Download from the cluster:

# Download results to your local machine
rsync -avP <user>@bips-cluster:/srv/home/<user>/project/results/ ~/Downloads/results/

# Download a single file
rsync -avP <user>@bips-cluster:/srv/home/<user>/project/output.csv .

Common flags:

Flag Purpose
-a Archive mode (preserves permissions, timestamps, symlinks)
-v Verbose output
-P Show progress and allow resuming interrupted transfers
-z Compress during transfer (useful for text files over slow connections)
--dry-run Preview what would be transferred without actually copying
--exclude Skip files matching a pattern (e.g., --exclude='*.tmp')
TipTrailing slashes matter

In rsync, a trailing slash on the source has meaning:

  • rsync -av my_project/ remote:my_project/ copies the contents of my_project into my_project
  • rsync -av my_project remote:my_project/ copies the directory itself, creating my_project/my_project

When in doubt, use --dry-run first to see what would happen.

Where to put large data

Before transferring large datasets, consider where they should live:

  • Active project data/srv/home/<user>/ (fast NVMe storage)
  • Large datasets, archives, inactive projects/mnt/sas/<user>/ (high capacity, slower)
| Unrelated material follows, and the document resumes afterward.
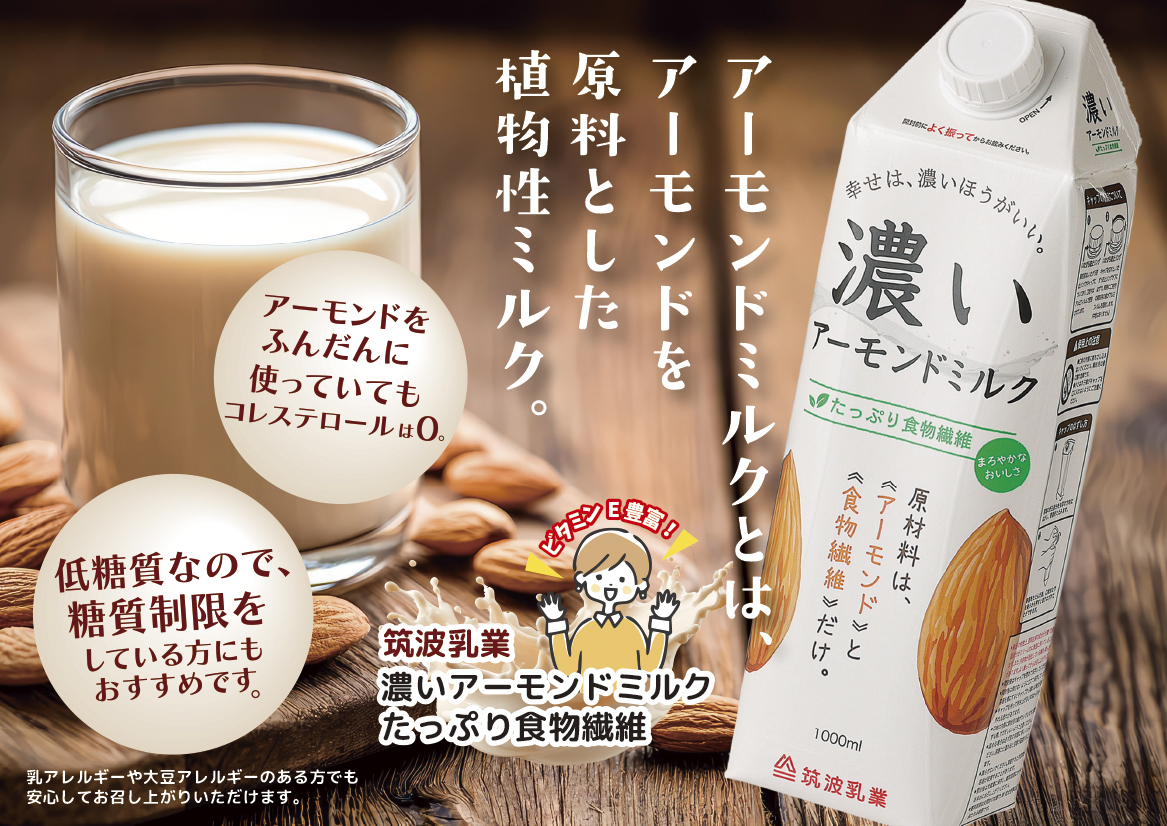 アーモンドミルクとは、アーモンドを原料とした植物性ミルク。アーモンドをふんだんに使っていてもコレステロールは0。低糖質なので、糖質制限をしている方にもおすすめです。乳アレルギーや大豆アレルギーのある方でも安心してお召し上がりいただけます。

See Storage for details on the different storage tiers.

For very large transfers to /mnt/sas, consider running rsync inside a tmux session so it continues if your connection drops:

tmux new -s transfer
rsync -avP /local/big_dataset/ <user>@bips-cluster:/mnt/sas/<user>/big_dataset/
# Ctrl+b, d to detach

GUI applications (SFTP clients)

If you prefer a graphical interface for file transfers, these SFTP clients work well:

Application Platform Notes
FileZilla Windows, macOS, Linux Popular, full-featured, supports SFTP
WinSCP Windows Integrates with PuTTY, includes basic editor
Cyberduck macOS, Windows Clean interface, integrates with Finder/Explorer
Transmit macOS Polished, fast (commercial)

To connect, use these settings:

  • Protocol: SFTP (SSH File Transfer Protocol)
  • Host: bips-cluster (or the full hostname)
  • Port: 22
  • Username: your cluster username
  • Authentication: your SSH key or password
Note

The same storage guidelines apply – use /srv/home/<user> for active work and /mnt/sas/<user> for large or archival data.